Questioner (likely Senator or Committee Member)
On February 2nd, you sent a letter to Senator Warner regarding your presence at the raid. Was that letter accurate?
Tulsi Gabbard
I don't recall the exact date, but if I sent a letter that had my signature, it was accurate.
Questioner (likely Senator or Committee Member)
You stated in the letter that your presence at the raid was, quote, requested by the President, correct?
Tulsi Gabbard
Yes.
Questioner (likely Senator or Committee Member)
When did the President request your presence at the raid?
Tulsi Gabbard
The day of the raid. The Warren execution commencing the day of the raid? Yes.
Questioner (likely Senator or Committee Member)
He called you on the phone.
Tulsi Gabbard
I'm not going to disclose how the message was delivered, but it was a request from the President and his administration to go and help oversee this warrant being executed along with the Deputy Director of the FBI. Is it your role to oversee agents who were conducting.
Questioner (likely Senator or Committee Member)
Is it your role to oversee the execution of criminal warrants?
Tulsi Gabbard
It is my role, based on statute that Congress has passed, to have oversight over election security to include counterintelligence.
Questioner (likely Senator or Committee Member)
But you said you oversaw the raid, correct? You just testified you oversaw the raid.
Tulsi Gabbard
Portions of it.
Questioner (likely Senator or Committee Member)
Okay. Did you handle any ballots or election related materials?
Tulsi Gabbard
No.
Questioner (likely Senator or Committee Member)

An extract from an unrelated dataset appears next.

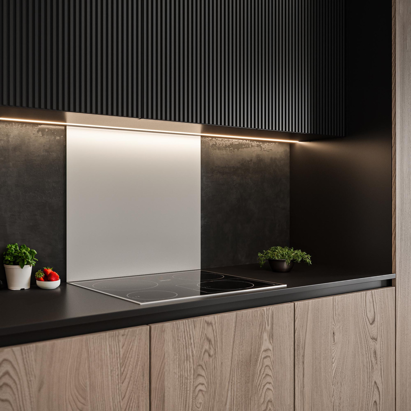 Fond de hotte en verre trempé 6 mm. Distance minimum de 80 mm avec la plaque de cuisson. Profondeur plan de travail minimum recommandé 650 mm. Fixation collage par silicone transparent. Fabrication française.

You were inside an FBI evidence truck, correct? You were photographed inside an FBI.
Tulsi Gabbard
It was an empty truck.
Mike Pesca
Yes, it was an empty truck. But she did go there to collect evidence. Highly unusual for a person in her position. Meaning not a Trump factotum. That is exactly what comes with the job when you sign up to work for Donald Trump. A healthy dollop of election denialism. But, I mean, Director of National Intelligence. It's weird for her to be involved in looking at a Georgia election from six years ago. Now, as Gabbard said, part of her job is keeping US Elections free from foreign interference. But if there were foreign interference, I would want it monitored. I tell you, this is something bad that's going on. I would even say even though all the people prattling on about this are people who have hurt their credibility in the past, it's worth it to look at this and take it seriously. And I have, and there really was no election interference by foreigners or domestic actors. The best evidence, in fact, more than the best evidence, says that nothing went on. There is no credible evidence suggesting any level of election interference in the 20, 20 years that she was collecting evidence for. Maybe that's why the truck was empty. Now, today in the House, the domestic part of this puzzle was put together. Here's an extended excerpt of Jim Himes, D. Connecticut Grilling Cash Patel, FBI Director, Garden City about possible election fraud within this country. Remember, this is a huge issue for Donald Trump and he's forcing the Senate to debate an ambitious, aggressive bill that would fight the scourge of election interference. And how big is that scourge? Let's try to put a number on it.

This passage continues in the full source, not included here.